2021年度 エンジニア新入社員研修のご紹介
こんにちは。エンジニアの新入社員研修を担当している青木です。 今回はリモートで行われた2021年度の新入社員研修が、どのような様子だったかをご紹介します。 現在は2021年度の振り返りをもとに、迫っている2022年の新入社員研修の準備を進めています。
入社予定の皆さんやエントリーを迷っている皆さんの不安を軽減できればいいなと考え、この記事を書くことにしました。 昨年実施した研修に新入社員の皆さんから、沢山のフィードバックをもらいました。 その中に「完全リモートという不安な環境でエンジニアとしてのキャリアをスタートしたので〜」という一文がありました。 社会人という「新しい環境」に不安を感じているのに、馴染みのない「リモート環境」という要素も加わっていた為、不安は大きく、もっと軽減してあげられたらよかったなと思いました。 この記事を読んで少しでも研修の様子やドワンゴの文化が伝わり、不安が軽減できればよいなと考えています。
研修の目的と概要
研修の目的は「ドワンゴのカルチャー」を基に、「仕事をしていく上でのマインドセット」と「基礎的なエンジニア力」を身につけることとしています。
ドワンゴのカルチャーとは「自由と裁量と責任」、「ものづくりを楽しむ」、そして「多様性を受け入れる」です。
まず「仕事をしていく上でのマインドセット」は難しいのですが、簡単にいうと「個人としても」「チームや会社などの組織としても」トータルでプラスになっていくような考え方や選択をすることです。 例えば、自分達が使いやすいものを作ったとしても、別の視点から見ると他のチームやユーザさんに使いにくかったりしたら意味がありません。 自分がやりたいようにやった結果、本人はよくても他のチームの人やメンバーが不快な思いをし、組織全体の生産性が下がったりコミュニケーションコストが上がってしまうのも良くありません。 そのため、できるだけ経済的合理性や全体最適を意識して欲しいと思っています。
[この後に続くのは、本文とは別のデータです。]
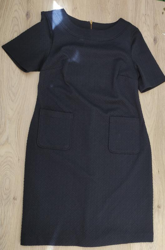 Комфортное платье от TU р. 16 состав 98% полиэстер,2% эластан Очень приятная ткань- не отягивается, не сминается. Отлично держит форму. Приятный темно-синий цвет с жаккардовым теснением. Замеры: длина по спинке- 94см, ширина на уровне подмышек 50см ,талія 49 см Бедра-54см.

よくある言葉になってしまいますが、ハードスキルとソフトスキルのバランスが重要だということを伝えています。
また、入社してくる方々は多様性があり、バックグラウンドもスキルセットもバラバラです。 研修後、それぞれ様々な部分を担当するチームに配属されるわけですが、研修ではサーバーのセットアップからフロントエンドまで一通り触るように設計されています。これはサーバーサイドの人もフロントエンドやアプリのことを知ったり、お互いの状態や状況を知って仕事をすることで、ドワンゴの文化でもある「多様性を受け入れる」ことができるのではないかと考えている為です。
そして「基礎的なエンジニア力」ですが、ここで指している「基礎的なエンジニア力」というのは「技術に精通し配属後、即戦力になること」ではありません。 もちろん、即戦力になれることに越したことはないのですが、3ヶ月という短期間で広大で深いソフトウェアエンジニアリングの領域を学びきることはできません。 それよりも、まず広く知識をインプットすることや、繰り返し手を動かし経験して慣れてもらうという点に重きを置いています。 各プロダクトで利用されている基本的な技術や考え方に触れながら、モノを作り、繰り返し手を動かして慣れてもらうようなカリキュラムにしています。
エンジニア研修の流れ
エンジニア研修は7~10冊の「課題図書」と並行して、「基礎研修」、「個人課題」、「チーム課題」の3つのフェーズに分かれています。各個人に配属先のチームに所属しているメンターが付き、メンターとは定期的に1on1を行います。課題で詰まっている部分や、会社や新生活で困っていること、雑談など、なんでも話すことができる時間を設けています。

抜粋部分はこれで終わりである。